I am still young enough to vividly recall how, when I started toddling around, fewer years ago than I can count on the fingers of my tiny right hand, Dad would get down on the floor –on my level- and play with me. Like all little girls, I was in love with my father and didn’t want to lose him. I wish I could have clung on to him as he was taken away from me. But I couldn’t and he took my childhood with him.

It was a cold day as the chilly wind played with the innocence on my little brother’s angelic face. If I recall correctly, it was a weekend and I woke up happy for not having to go to school. I threw open the door of our home and jumped out to run down the street, rolling over and over, laughing all the way. With no strangers around me, I felt so safe and free to play. Then I saw my father leaving for the market to buy something.
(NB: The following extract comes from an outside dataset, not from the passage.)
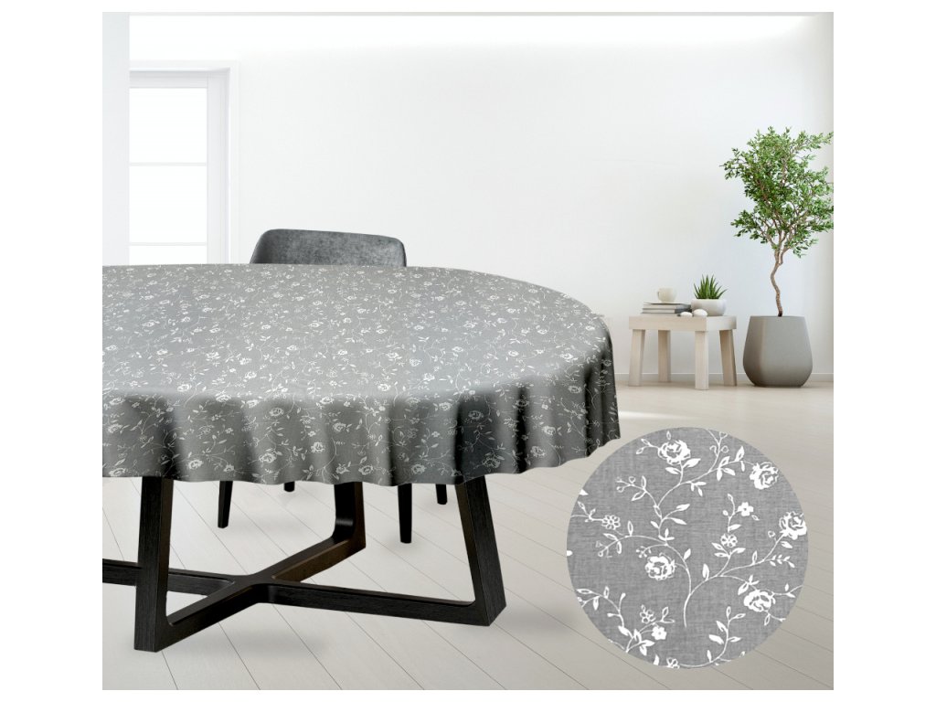 Ervi bavlněný ubrus na stůl oválný - květiny na šedém

I still feel the warmth of his final hug as he kissed me on his way to the market.

Then came the moment, which has changed my life forever. Even though I could feel my babyhood being slowly snatched away from me as my little mind started to grapple with the reality that the people around us were being slain because they were something –as my mother would explain to me- called Shia. However, Dad meant good times for me, when in his presence the bliss of childhood would dispel all my fears. Now those memories of security and play are gone and it would never be all right again.

The death of my father announced the murder of my innocence. The rest will be a journey that I will struggle to walk somehow. My mother said that they found a skull and parts of a body still clad in the remnants of clothes my father was wearing. We were not allowed to look and all we are left with is the memory of my father’s handsome face. He was like a rock – strong and true. I was his first born, Daddy’s little girl – the centre of his world.

Dad, you were my star, now I will love you from afar. I hope, one day I will see you again and you would tell me why you had to be killed for being a Shia. What is a Shia? Is it the same as death?

Dad, we will never be entirely without you as a part of you will live on in my brother and me. I will also pray that I don’t lose my brother if he too should turn out to be someone called Shia like you.

Dad, we all love you and miss you so much. Sleep well. And oh yes! Please be brave and strong, as ever, to take care of all the little kids who were killed with you for they were feared to one day grow up as Shias.

So long, Daddy dearest.

Here are shown some of the kids who died in a bomb attack in Quetta by the attackers who spare no mercy. Many of them died with their baby teeth. Though they were not yet old enough to have a religion, they were killed for being born into a wrong one. Hence, their parents do not deserve to see them open another present again. How, in the last moments for these kids, the pupils open wide in their terrified eyes must have tried to see the monster. A monster that was not a part of the bedtime stories they were told. Their faces haunt me with their screaming. My mind bleeds painfully as the memories of a peaceful and caring Pakistan flash before my eyes, mingling with the shadows of the darkness foretold by these angelic faces. Darkness that even foulest of creatures, except man, wouldn’t imagine. Tears find path down my cheeks as I wonder how life and love have gone cold in Pakistan and faith gets hotter and hotter. Hate sprouts forth from untold depths. People seek to slay so blindly, totally unburdened by the thoughts of age, gender, or innocence.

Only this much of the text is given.